In the current labor shortage, it is critical to develop strategies to attract and retain quality employees. The idea of creating a workplace that will act as a magnet and pull more quality people into the organization needs to be explored in detail. But to exercise magnetic pull, the workplace environment must account for and minimize stress. This article focuses on the role of stress in creating a mentally, physically and, ultimately, financially healthy work environment.

Selye & the Origins of Stress Research

Battle fatigue among soldiers in combat situations generated the scientific research on which our current understanding of stress is based. Symptoms of stress made soldiers unable to fire arms, surrender without cause and generally engage in conduct that compromised their military effectiveness.

Dr. Hans Selye is generally considered the father of stress research. Selye recognized that a certain amount of stress, called eustress, is necessary for normal function. Too little stress, as in the use of isolation chambers that were popular at the time as a form of therapy, can result in psychosis and other kinds of mental distress. Less dramatically, lack of stress can result in boredom and lack of engagement in work activities.

Conversely, too much stress, referred to as distress, can result in frustration and burnout. Burnout is epitomized by emotional exhaustion, depersonalization, and low personal accomplishment. Emotional exhaustion is characterized by feeling drained, frustrated, fatigued and not engaging with fellow employees. Depersonalization causes a calloused response where empathy is lost and people are treated like objects.

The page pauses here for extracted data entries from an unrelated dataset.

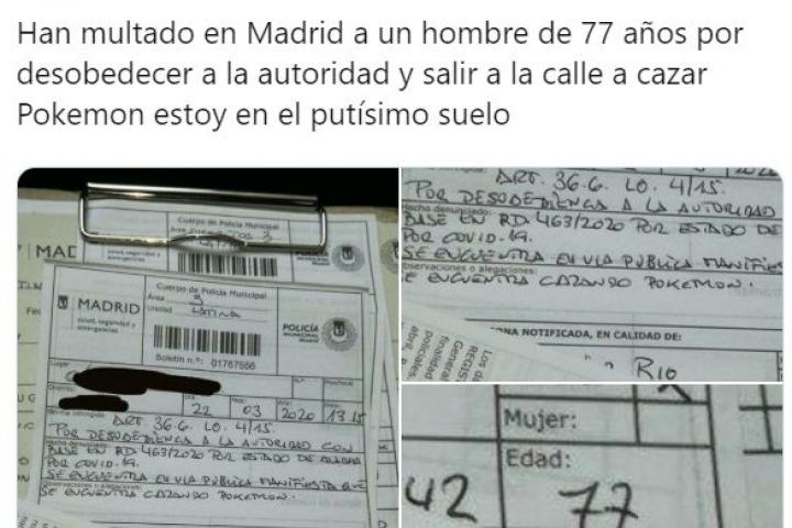 Han multado en Madrid a un hombre de 77 años por desobedecer a la autoridad y salir a la calle a cazar Pokemon estoy en el putísimo suelo pic.twitter.com/Y31OLgVz2w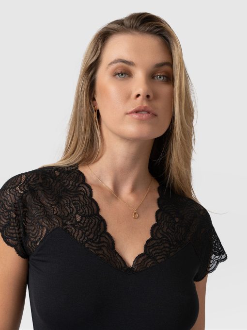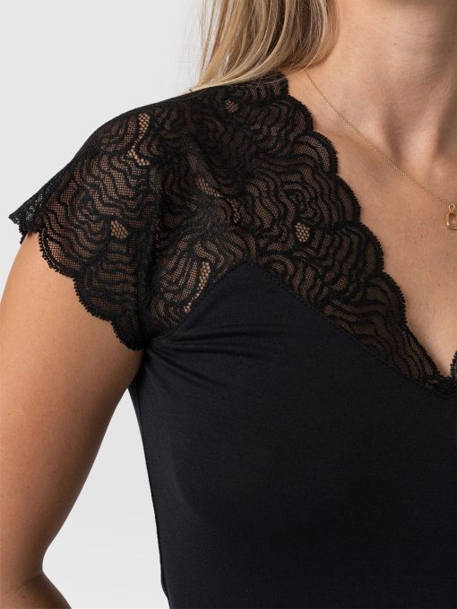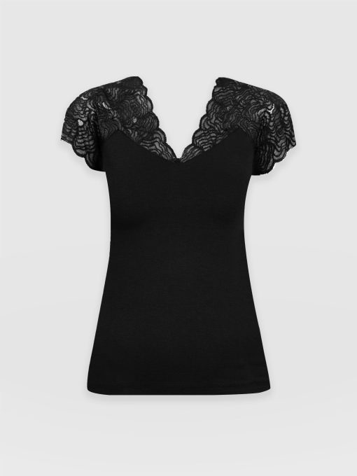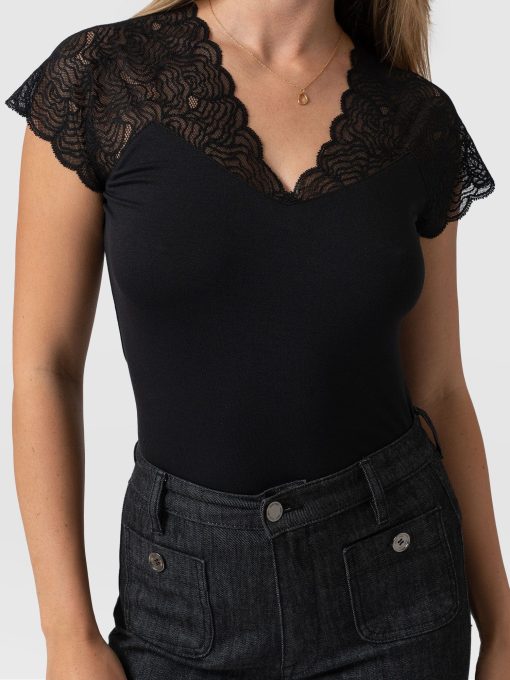 A chic jersey top with delicate lace trim in Black that’s perfect for work or weekends. This elegant top adds a touch of sophistication to any look, featuring a V-neck design that beautifully accentuates the neckline, while the fitted viscose body flatters your shape. Perfect for pairing with both casual and dressy looks, this top is a versatile style suitable for any occasion. Each top is handmade in Europe using a soft and sustainable eco viscose fabric. For a polished and chic look, style it with our Cambridge Tailored Pant and a pair of strappy heels.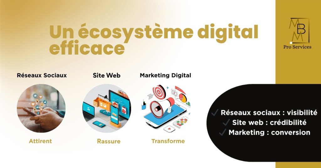 Une entreprise qui souhaite évoluer durablement a besoin d’un écosystème digital structuré, combinant visibilité, crédibilité et stratégie marketing.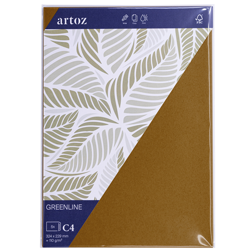 Découvrez l’élégance durable du papier Artoz Greenline et appréciez son toucher luxueux et délicat. Parfaitement compatible avec les papiers brillants. En outre, les impressions en blanc sur papier Greenline offrent des résultats exceptionnels. Que ce soit pour des invitations élégantes, des imprimés professionnels de type flyers, des cartes-cadeaux créatives, des cartes de Noël joyeuses, des calligraphies inspirantes ou toutes sortes de créations tamponnées et perforées, le papier Greenline allie une fabrication respectueuse de l’environnement à une qualité irréprochable pour concrétiser vos idées. - Papier 120 g/m² - Format: C4, enveloppe, non doublée - Set de 5 pièces sous cellophane - Rabat droit avec bande adhésive - 324 × 229 mm - Certifié FSC® - 100% de matière recyclée

Individuals suffering from depersonalization tend to blame other people for their problems and frequently feel persecuted. When they begin to lose productivity and focus they cannot deal with problems effectively. They cease to be positive role models and no longer seek to understand other people's issues. They see work as a chore and are no longer excited about their job.

These are the consequences of burnout, which many companies fail to recognize or address effectively. (Fig 1).

Fig. 1 - Individual Consequences of Stress: Burnout

Emotional Exhaustion Depersonalization Low Personal Accomplishment
Feel drained by work Treat others like objects Do not have a positive influence on others
Frustrated Do not care what happens to others Cannot understand others' problems or identify with them
Do not want to work with others Feel other people blame you No longer feel exhilarated by job

Copyright © McGraw-Hill Companies, Inc. all rights reserved

Achieving the Stress Balance

The idea, then, was to find the right balance of stress. Once optimum levels of stress are attained, individuals feel engaged and challenged. They enjoy what they do; they are in the moment and have maximum productivity. Thus, stress follows a bell curve, as illustrated by the following figure.

Fig. 2 -  Stress Level

Stress in the Workplace

Today's employees are experiencing more stress in the workplace. Stress is especially prevalent in organizations where there are not enough employees to perform the work. Understaffing forces employees to do more with less. It causes employees to feel a sense of powerlessness and loss of control, which creates a vicious cycle and escalates stress.

According to a survey by USA Today, people perceive that they work for their supervisor, not for the senior administrator. But supervisors pick up on senior management. Thus, as upper level managers no longer model appropriate positive behaviors, their frustration and irritability trickles down to supervisors and thence to floor workers. Soon it can permeate the entire organization. This engages a feedback mechanism which further increases workplace stress creating a toxic workplace environment where absenteeism increases and productivity plummets.

Conclusion

Although companies are quietly aware of this syndrome in their environment, they generally do not discuss it because they lack a method to correct it. Thus, there is the flavor of the month mentality where thousands of dollars are spent with little or no return. Exacerbating this tendency is that very few training methodologies even track the impact of the training over time. These metrics must be measured and trends analyzed to gain maximum benefit from this training strategy. Next week, we will look at a solution to the toxic effects of stress - increasing the hardiness of managers.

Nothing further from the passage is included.